*Data to examine*:
►

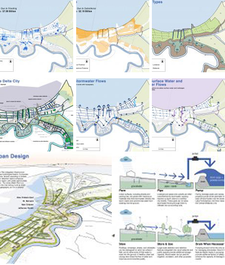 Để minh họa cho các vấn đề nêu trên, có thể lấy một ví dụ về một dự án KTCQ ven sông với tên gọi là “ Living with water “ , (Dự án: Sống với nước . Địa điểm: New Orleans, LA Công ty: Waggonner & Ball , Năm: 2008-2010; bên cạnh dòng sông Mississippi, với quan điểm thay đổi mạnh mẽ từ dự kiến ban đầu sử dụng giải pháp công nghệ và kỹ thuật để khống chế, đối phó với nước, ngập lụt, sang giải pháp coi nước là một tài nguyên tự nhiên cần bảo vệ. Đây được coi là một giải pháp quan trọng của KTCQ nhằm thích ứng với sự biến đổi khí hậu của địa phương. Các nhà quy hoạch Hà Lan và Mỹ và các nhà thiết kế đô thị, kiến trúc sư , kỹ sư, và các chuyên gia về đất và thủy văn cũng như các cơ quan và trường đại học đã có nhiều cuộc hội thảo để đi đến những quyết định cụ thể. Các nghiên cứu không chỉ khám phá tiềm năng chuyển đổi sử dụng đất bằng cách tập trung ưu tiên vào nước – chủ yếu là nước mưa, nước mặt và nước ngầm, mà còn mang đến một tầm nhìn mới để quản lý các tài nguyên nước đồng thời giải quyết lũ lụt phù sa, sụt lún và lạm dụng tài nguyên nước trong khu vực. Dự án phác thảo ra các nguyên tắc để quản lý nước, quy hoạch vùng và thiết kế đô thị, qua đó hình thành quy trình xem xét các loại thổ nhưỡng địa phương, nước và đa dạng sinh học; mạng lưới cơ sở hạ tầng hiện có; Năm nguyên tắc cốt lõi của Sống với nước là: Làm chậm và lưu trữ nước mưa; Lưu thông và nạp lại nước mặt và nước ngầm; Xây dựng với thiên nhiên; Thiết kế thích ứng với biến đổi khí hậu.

◄
►

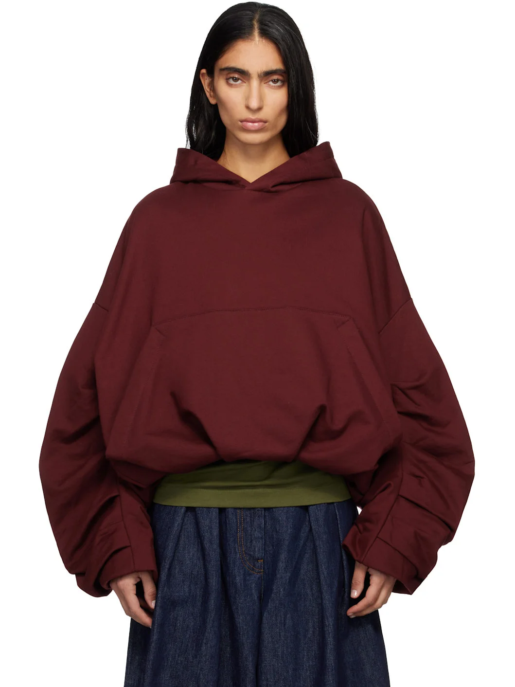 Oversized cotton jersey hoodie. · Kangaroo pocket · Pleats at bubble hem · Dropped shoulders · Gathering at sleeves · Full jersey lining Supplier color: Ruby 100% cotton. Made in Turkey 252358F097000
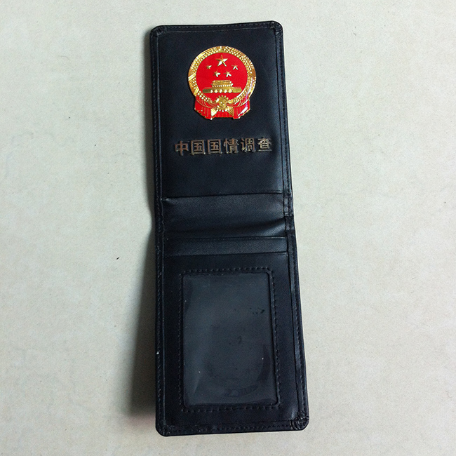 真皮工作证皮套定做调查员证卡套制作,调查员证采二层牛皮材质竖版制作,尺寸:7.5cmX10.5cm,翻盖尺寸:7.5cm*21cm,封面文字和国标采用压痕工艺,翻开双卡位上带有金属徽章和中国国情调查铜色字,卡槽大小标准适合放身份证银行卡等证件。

◄

*Your assignment*: What is wanted is an exact copy of the lines above from the one containing "Oversized cotton jersey" through the one containing "真皮工作证皮套定做调查员证卡", with no pictures in it.

*Completed exercise*:
 Oversized cotton jersey hoodie. · Kangaroo pocket · Pleats at bubble hem · Dropped shoulders · Gathering at sleeves · Full jersey lining Supplier color: Ruby 100% cotton. Made in Turkey 252358F097000
 真皮工作证皮套定做调查员证卡套制作,调查员证采二层牛皮材质竖版制作,尺寸:7.5cmX10.5cm,翻盖尺寸:7.5cm*21cm,封面文字和国标采用压痕工艺,翻开双卡位上带有金属徽章和中国国情调查铜色字,卡槽大小标准适合放身份证银行卡等证件。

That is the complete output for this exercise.